Rising energy prices, and the related transfers of wealth, are among the great strategic movements of our time. Since the dawn of the oil age, U.S. has had some semblance of control over energy prices. Heck, at one point, prices were so low that the state of Texas empowered the Railroad Commission of Texas to stabilize prices.
It’s a long story, but the West has, more or less, always had a handle on energy prices, even in the face of OPEC, over the last 40 years or so. At the end of the day, the West could have faced down the major oil exporters and kept some sort of lid on the upside of energy pricing. Not any more.
The people who sell oil are, of course, more than happy to take US money. They are ecstatic, truth be told. In a matter of a few years, Western energy demand is moving the wealth of many generations into new hands. Some nations are getting rich, while others are getting poor — fast.
A few years ago, Russia was a post-Soviet basket case. Now the Russians are buying up much of Western Europe.
A few years ago, the United Arab Emirates was a dusty backwater. Now the UAE is becoming a world destination, and its sovereign wealth fund is buying the Chrysler Building in New York.
Meanwhile, expensive oil is breaking the backs of the middle classes in the U.S. and many other countries. Wait until next winter, when millions of households in the U.S. and Europe cannot afford to heat their homes. Ugh!

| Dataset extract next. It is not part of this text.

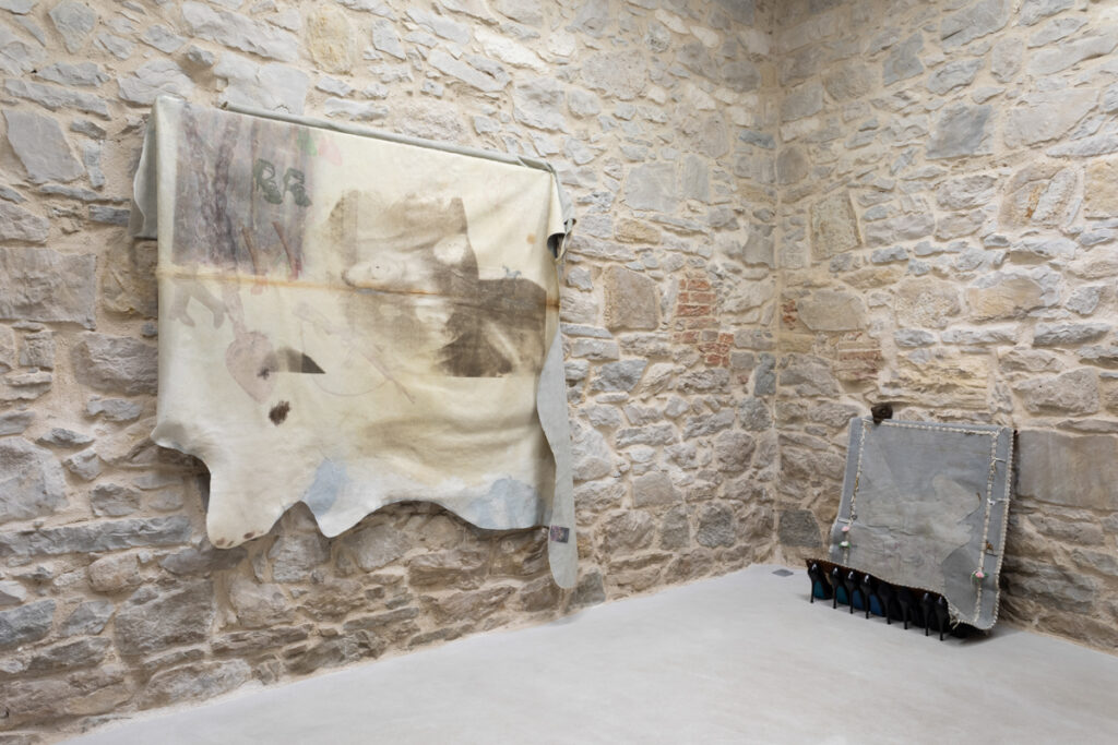 The exhibition Eyes without Face is not a closed whole of works with predefined relationships; on the contrary, it invites the viewer to personally and directly confront the raw materiality of the installation. Appropriated textures, surfaces, and smells now appear as images that we can further exchange, possess, and manipulate.

And world economic growth is stalling as oil prices rise. So it really seems as if the rising prices have to moderate and it actually did .Finally, a breather. Whew! .Whatever my point is straight n simple and it is a opinion shared by many, the cracks in US economy are getting deeper and there is very little it can do to regain its glory of the 90’s .Its showtime for the third world . We all know every dog has its day.And I would like to believe that Uncle Sam knows it well too.